Tonight I watched a short video of a stray dog and how they tried to rescue her. At first, it looked simple. She was hungry, she allowed a person to approach her, she clearly wanted affection and food. But her body was shaking uncontrollably. She wasn’t aggressive, she wasn’t running away, she wasn’t protecting herself. She simply could not trust what was happening, even while moving toward it, even trying to wiggle her tail... And in that moment, something in me recognized her completely. Not intellectually, not as an idea, but through a very familiar sensation in my own body.
I realized there is a part of me that lives in that exact contradiction. I want love, I reach for it, I am not closed to it, and yet... something inside does not allow me to fully relax into it anymore... This is not a belief I can argue with or change through understanding. It lives in the nervous system, which learns through repeated experience, not through explanation... It learnt through years of this experience... Traumatic experience... Conditioning...
What we usually call fear often looks like distance or avoidance, but there is a quieter form that hides in plain sight. You stay, you connect, you even open sometimes, and yet there is a subtle but persistent tension underneath everything. It appears slowly... collects throughout years... through repetition of the same patterns that always end in pain. It resembles what is known as a freeze response, where the body does not flee or fight, but remains internally braced... and where you stop trusting the joy... From the outside, everything can look normal, even warm, while inside there is a layer that refuses to let go... Suspecioun grows... pessimism grows with it also... the body learns to feel never ending enxiety....
Over time, the body builds its own logic. It does not think in words, it organizes itself through patterns of sensation. When closeness has been intertwined with inconsistency, distance, deletion or unpredictability, a very quiet conclusion forms: it is not safe to fully relax now. This is not dramatic, it is not even conscious most of the time. It simply becomes the background state. Even in moments of warmth, something remains slightly contracted, as if the system is still waiting to see what will happen next. "will I be betrayed again?" "will I be deleted again?" "will I be invalidated again?"
There can be moments when things feel different, when the body softens just a little and something warmer becomes possible. In those moments, it almost feels like trust could grow. But it is partial, not complete, because trust is not a decision that can be made once in a second. It is something that accumulates slowly, through consistent experience, through presence. And this is where an important distinction becomes clear: my body is not afraid of love itself, it is responding to what it has learned to expect around it.
Because of that, this is no longer about talking things through or trying to convince myself that everything is fine. The body does not respond to reasoning or analysis in that way. It can only relearn through a different kind of experience, one that is stable enough to register as safe. That kind of safety does not come from occasional closeness over coffee or brief connection over the email... It comes from continuity in real life, from presence that does not disappear or collapse, from something that does not need to be constantly questioned or re-established.

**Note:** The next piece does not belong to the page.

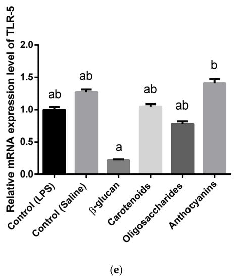 Relative interleukin-1β (a), interferon-α (b), interferon-γ (c), toll-like receptor 4 (d) and toll-like receptor 5 (e) mRNA expression in ileum of chickens fed basal diet under Escherichia coli LPS challenge, basal diet under isotonic saline challenge, diet supplemented with 0.05% β-glucan-, diet supplemented with 0.5% carotenoids-, diet supplemented with 0.5% oligosaccharides- and diet supplemented with 0.5% anthocyanins under Escherichia coli O55:B5 LPS challenge (n = 6/treatment). Error bars represent means ± standard errors of the mean. The effects were analyzed by One-way ANOVA and groups that do not share a letter are significantly different (p < 0.05).

It is not about small windows of connection, not about “coffee for half an hour,” but about time that is long enough for the body to stop anticipating the painful end. Time where nothing is pulled away, nothing suddenly shifts, nothing needs to be defended against. Only in that kind of space does the system begin to consider letting go.
And this leads to a very honest place. The question is no longer how to force trust or override fear, but whether there is enough real stability for the body to begin relaxing on its own. A new programming has to occur... The body does not follow logic or promises. It responds to what repeats. It either gradually learns that it is safe to exhale, or it continues to hold tension as a form of protection. There is nothing weak about that. It is simply memory, living inside the body and waiting to be met by something different... and the body DOES want love and connection... it is afraid... it is simply afraid... it needs some loving attention... series of dates almost... new conditionning where safety is learnt....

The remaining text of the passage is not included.